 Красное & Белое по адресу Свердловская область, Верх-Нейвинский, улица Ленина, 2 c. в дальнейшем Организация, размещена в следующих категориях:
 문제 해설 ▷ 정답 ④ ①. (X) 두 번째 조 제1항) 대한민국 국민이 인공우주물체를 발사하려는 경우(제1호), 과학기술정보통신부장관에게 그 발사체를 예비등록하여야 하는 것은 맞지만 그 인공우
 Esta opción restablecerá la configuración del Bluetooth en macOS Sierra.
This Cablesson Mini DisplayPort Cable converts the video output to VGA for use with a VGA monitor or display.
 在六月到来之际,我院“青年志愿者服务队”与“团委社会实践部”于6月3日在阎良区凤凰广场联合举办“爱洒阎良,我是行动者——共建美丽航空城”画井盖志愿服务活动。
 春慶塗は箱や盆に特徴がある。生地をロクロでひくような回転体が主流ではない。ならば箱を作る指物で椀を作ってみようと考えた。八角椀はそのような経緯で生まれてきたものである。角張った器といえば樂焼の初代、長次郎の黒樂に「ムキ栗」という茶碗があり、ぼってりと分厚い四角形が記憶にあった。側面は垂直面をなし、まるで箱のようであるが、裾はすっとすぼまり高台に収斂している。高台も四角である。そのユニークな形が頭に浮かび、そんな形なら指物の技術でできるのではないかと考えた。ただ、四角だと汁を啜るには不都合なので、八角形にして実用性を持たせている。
...
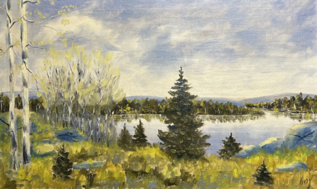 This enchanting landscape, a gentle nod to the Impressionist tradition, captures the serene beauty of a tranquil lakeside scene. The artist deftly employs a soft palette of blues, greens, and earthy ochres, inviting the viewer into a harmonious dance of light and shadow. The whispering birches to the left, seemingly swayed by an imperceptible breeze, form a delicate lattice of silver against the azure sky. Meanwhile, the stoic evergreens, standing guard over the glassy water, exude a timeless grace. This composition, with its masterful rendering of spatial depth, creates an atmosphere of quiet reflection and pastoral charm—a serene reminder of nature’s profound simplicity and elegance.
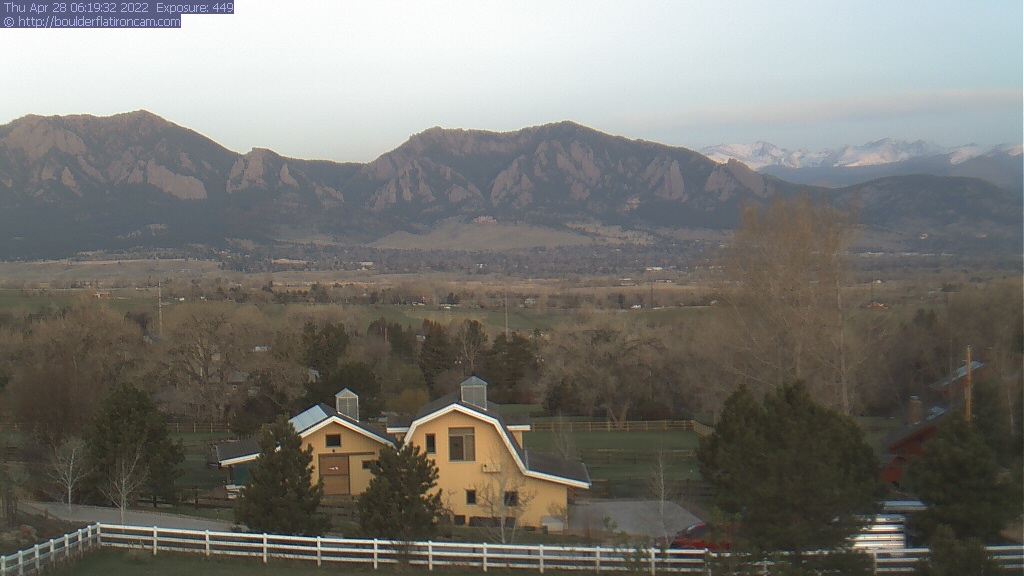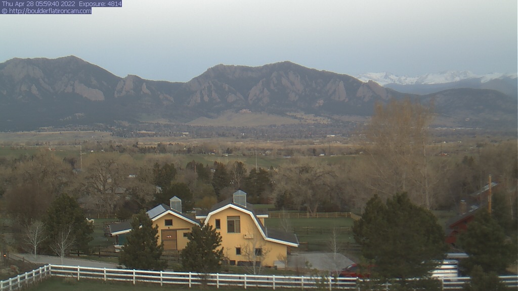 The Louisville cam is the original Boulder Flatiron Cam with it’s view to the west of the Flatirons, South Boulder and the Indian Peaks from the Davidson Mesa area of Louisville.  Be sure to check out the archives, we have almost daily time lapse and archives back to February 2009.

Task to complete -
Which lines above run from the one containing "Esta opción restablecerá" to the one containing "春慶塗は箱や盆に特徴がある。"? Give them again exactly, both ends included.

Solution for this exercise -
 Esta opción restablecerá la configuración del Bluetooth en macOS Sierra.
This Cablesson Mini DisplayPort Cable converts the video output to VGA for use with a VGA monitor or display.
 在六月到来之际,我院“青年志愿者服务队”与“团委社会实践部”于6月3日在阎良区凤凰广场联合举办“爱洒阎良,我是行动者——共建美丽航空城”画井盖志愿服务活动。
 春慶塗は箱や盆に特徴がある。生地をロクロでひくような回転体が主流ではない。ならば箱を作る指物で椀を作ってみようと考えた。八角椀はそのような経緯で生まれてきたものである。角張った器といえば樂焼の初代、長次郎の黒樂に「ムキ栗」という茶碗があり、ぼってりと分厚い四角形が記憶にあった。側面は垂直面をなし、まるで箱のようであるが、裾はすっとすぼまり高台に収斂している。高台も四角である。そのユニークな形が頭に浮かび、そんな形なら指物の技術でできるのではないかと考えた。ただ、四角だと汁を啜るには不都合なので、八角形にして実用性を持たせている。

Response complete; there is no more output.